MW: "You talk about reconciliation and your own reconciliation is perhaps one of the most remarkable that I have heard. Your entire family was killed by your neighbour, someone who was a friend, and you have now forgiven him?"
JP: "Yes I have forgiven him because I didn't have any choice. By forgiving him, I was healed. And me and him together, we are now dedicated to promoting peace and reconciliation."
MW: "Why do you say you didn't have a choice?"
JP: "After the genocide, when I went to my village and I learnt that my best friend was the one who killed my parents, it destroyed me. I couldn't understand why a very good friend would do that. I lost my mind.
"It took nine years dealing with anger and bitterness. I lost my career. I was addicted... drugs. At the end, I realised I was destroying myself."
MW: "You must have wanted to kill him?"
JP: "Yeah - the first time. I didn't see him but I was going to kill him. I have never killed in my life. I decided to forgive him because I wanted to get healing."

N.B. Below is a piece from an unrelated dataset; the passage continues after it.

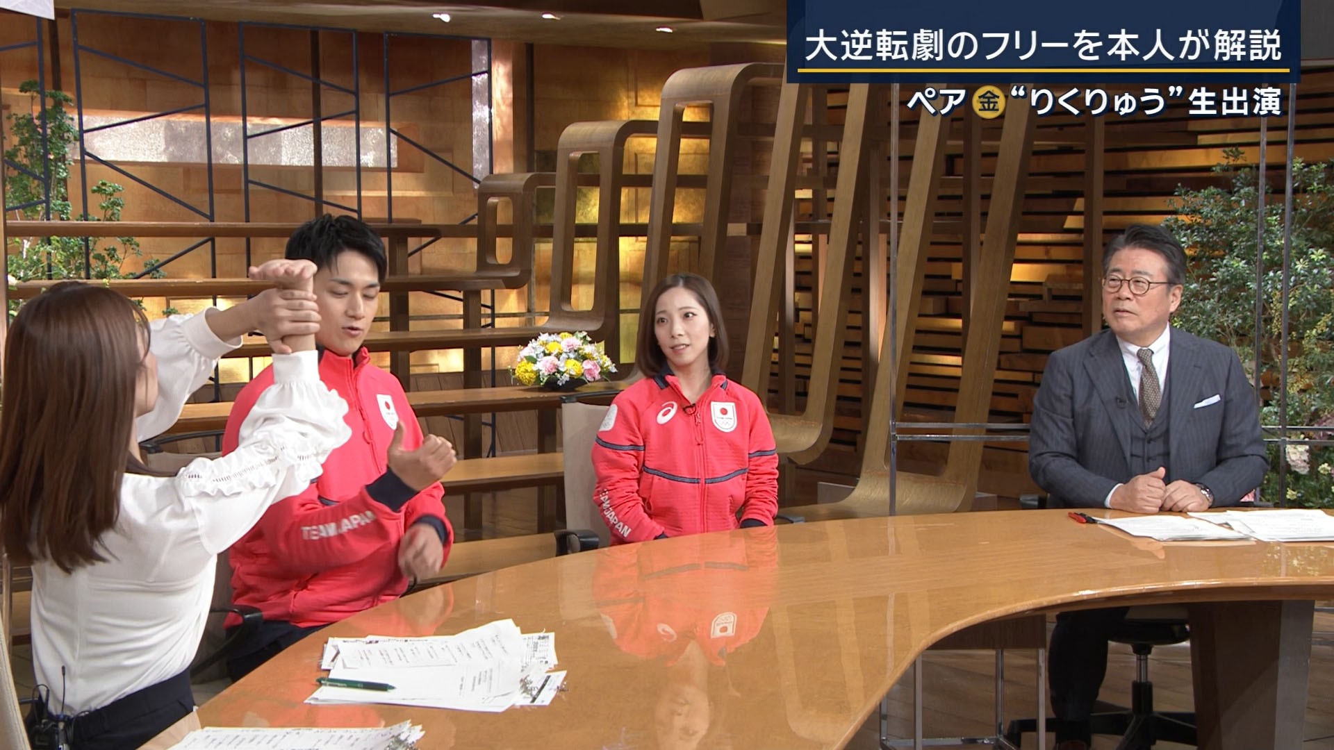透け衣装で「りくりゅうペア」を迎えた安藤萌々アナは、ブラ線もくっきりと浮き出ていました! 明るさ調整版付きで! [2026年2月25日 報道ステーション]

MW: "Your friend is a killer. What did he say to you when you said: 'I want to forgive you'?"
1994: RWANDA'S GENOCIDE
6 April: President Habyarimana killed in plane explosion
April - July: Some 800,000 Tutsis and moderate Hutus killed
July: Tutsi-led rebel movement RPF captures the capital Kigali
Two million Hutus flee to Zaire, now DR Congo
JP: "The first time he thought it was a political game. He was thinking: 'How can he forgive me when I can not forgive myself?' It was hard to understand."
MW: "Has he ever explained to you why he did it?"
JP: "Of course. Because now we are together we talk about everything.
"He said: 'You know Samputu, your father was a very good friend. More than you.
"And I asked him: 'If he was your friend, why did you kill him?'
"He said: 'You don't understand. We had the laws of the genocide. In the genocide, the law was that your best friend, your close neighbour, was the one who must be killed by you, because you were close. And I had to kill your father because I was the closest'."
MW: "And that was repeated across Rwanda? Those sort of interpersonal relationships were distorted?"
JP: "Even the husband killed his wife. It was not killing for them, it was working. If you kill many people then you are rewarded."
MW: "Do you think your father will be proud of you?"
JP: "If I revenge or I kill because he was killed, I think he (my father) would not accept that...
"I can't do what they did... If I don't forgive, what do we do to the other children?
"It's a cycle of violence. A cycle of hatred. It's generations. The world, where we live, carries the wounds of not forgiving and future peace depends on what we do with that."